Unfettered access to people’s private lives is not a recipe for making the world better.

Gene Detroyer
BrainTrust

I fully agree with you. But this isn’t an Amazon issue. It is reality.

Shep Hyken
BrainTrust

The first thought that came to mind was about data. I’m sure Amazon will have the answer to that. They’ve already shared their position on privacy. But consider a bigger picture that can positively impact the customer, too. As the capability of the smart devices improve, so does the opportunity to integrate a lifestyle into the Amazon ecosystem. The more Amazon knows about its customers, especially with something as important as their health, the better they can serve them and recommend products. That’s something Amazon does VERY well. Good or bad, that’s the fact.

Suresh Chaganti
BrainTrust

It is laughable to claim that they have privacy in mind. Data being encrypted at rest and in-transit means it will not be stolen. But that doesn’t say anything about what Amazon can/cannot do with the data.

Regarding the intentions of Amazon, it is obvious they want to crack the healthcare space. Maybe they will offer adjunct health insurance/services – along the lines of GoodRx for prescription drugs.

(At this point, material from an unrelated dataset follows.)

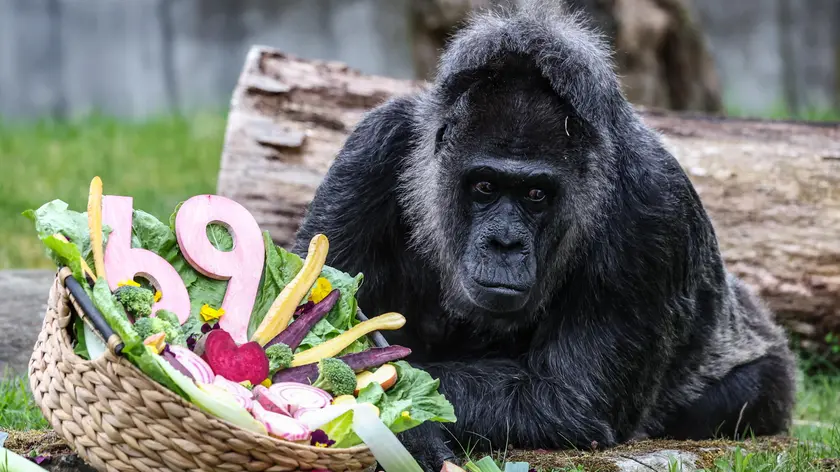 Compleanno da record allo zoo di Berlino, la gorilla Fatou compie 69 anni
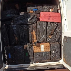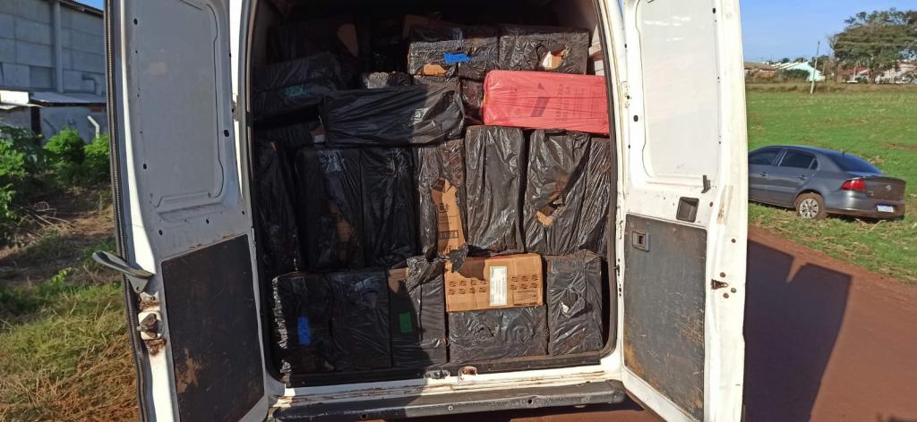 Ao abrir o compartimento traseiro da van foi constatado que se tratava de cigarros contrabandeado do Paraguai e o veículo Voyage também estava abarrotado de cigarros.

Keeping privacy concerns aside, I do hope Amazon’s ambitions are large enough to start solving the healthcare puzzle in a significant way.

Stephen Rector
Guest

Healthcare/insurance is ripe for disruption and the tech giants (FAANG stocks) are all over this already. For Amazon this is about data collection first, but the possibility of Amazon Health Insurance tied into a person’s Amazon Prime membership could very well happen in the future – essentially Amazon being the hub for all of your health and shopping needs.

Dave Wendland
BrainTrust

Stephen, I would suspect that such connectivity is definitely on the radar within Amazon’s four walls — and likely better formulated than one could ever imagine.

Michael La Kier
BrainTrust

Simple answer — Amazon wants more data. Amazon already dipped their toes into the healthcare space with the acquisition of PillPack. According to the latest data, total U.S. healthcare spending in 2020 will be over $3.65 trillion, which equates to 17.8 percent of GDP. This is a big untapped (for Amazon) revenue pool.

Lee Peterson
BrainTrust

Again, the opportunity is data. Who buys what how, and how often, can tell a lot about a customer not only in this category but for related categories as well. Any chance to gather more data on consumers is a plus-plus, and Amazon is very good at that and at putting that data to a profitable use.

Neil Saunders
BrainTrust

For two reasons. The main one is data. The other one is to strengthen its ecosystem. You can see the obvious links with Alexa and Echo devices. And you can see how Amazon can use the data to market and develop its offer in the health and wellness space. Basically this is another touchpoint for people to interact with Amazon and for Amazon to understand more about them!

Bethany Allee
BrainTrust

Are we starting a pool on when the government is going to explore monopoly charges against Amazon? I realize a lot depends on the election, but I’m willing to place a bet for initial hearings in March 2021.

Liz Adamson
BrainTrust

As many have already commented, it’s all about data. At its core, Amazon is a data company, collecting and using customer data so it can be more effective at selling products. That includes selling more products on its marketplace and gauging the opportunity for further expansion into healthcare.